The night was winding down as the insanely cult popular band Edward Sharpe and The Magnetic Zeros took the stage. The very large ten-piece band spread itself out with plenty of room in the middle for front man Alex Ebert to dance around onstage between his bohemian counter parts. Surprisingly the band doesn’t even create set lists for there shows, meaning they must know all three albums worth of material at all times. Jumping between popular songs like 40 Day Dream that they were probably going to play anyways and letting the crowd pick tunes like Janglin’, the show was as free flowing as the free love hippie movement they are emulating. A staple of the show is when Ebert goes into the crowd to sing. Standing on the back of the photo pit barricade he used audience members to hold himself up high and to have interactions with those around him. The loose atmosphere means that every show is a unique event that can’t be duplicated. I’m sure that have had shows where everything wasn’t clicking, but this wasn’t one of them. Ebert would sit at the edge of the stage and hold hands with people as he sang, creating moments that won’t be forgotten any time soon by those lucky people.
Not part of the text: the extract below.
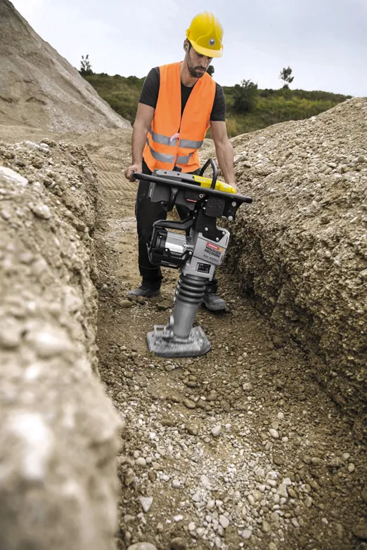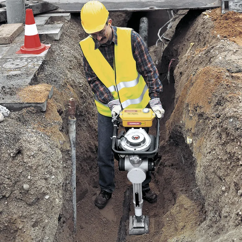 Für umweltsensible Bereiche oder schlecht belüftete Gräben eignet sich der akkubetriebene Rüttelstampfer AS 50e. Er arbeitet völlig emissionsfrei und schützt dadurch den Anwender vor Schadstoffen an besonders tiefgelegenen oder schlecht belüfteten Einsatzorten. Zum Bedienkomfort tragen zusätzlich die niedrigen Hand-Arm-Vibrationen bei sowie ein wartungsarmer Elektromotor, der auf Knopfdruck gestartet wird. Für sehr schmale Gräben oder zum Beistopfen der Rohrzwickel ist bei Zeppelin Rental zudem der AS 30e mit extra schmalem Fuß erhältlich. Diesen Spezialstampfer bietet das Unternehmen auch mit Benzinantrieb an. Er zeichnet sich durch ein minimiertes Gewicht und kompakte Abmessungen aus.

Ebert also had a habit of bringing people on stage to join him, a girl who must not have been older than 4 came up and he got her dancing with him, flaying their limbs about in a bout of ecstasy that only a child with no inhibitions can display. Ebert spotted a sign held up by a young boy saying how TURF was his first concert and it was also his birthday. The crowd then collectively sung Happy Birthday to the nine year old while Ebert had his arm around the kid. Band members took turns taking the spotlight as at least three members sang lead on a song while Ebert stood in the back to allow the crowd to shift their attention to the new momentary bandleaders. For Dear Believer the band tried to play an odd disco version they had done once before, Ebert didn’t think it was working so he stopped it mid-song and moved on laughing at their feeble attempt to mix it up. At the end of the show, the crowd was asked if they were willing to sing along as the bands biggest hit Home was starting up. Ebert only said the first word of each line and let the crowd sing the rest, creating a beautiful a cappella moment by several thousand fans. Instead of the usual breakdown part where Ebert used to tell a story with former band member Jade Castrinos, he instead passed the microphone into the crowd to let a girl tell a story about her love for the band. The amount of love that flows between artist and audience is incredible and it makes sense why they have such a passionate and loyal fan base.
Two days down, with one more to go. It will be hard for the last day to top the first two but Jeff Cohen has created something very special for the fans and bands that come out. Every set is a special moment, one that is to be cherished and savoured.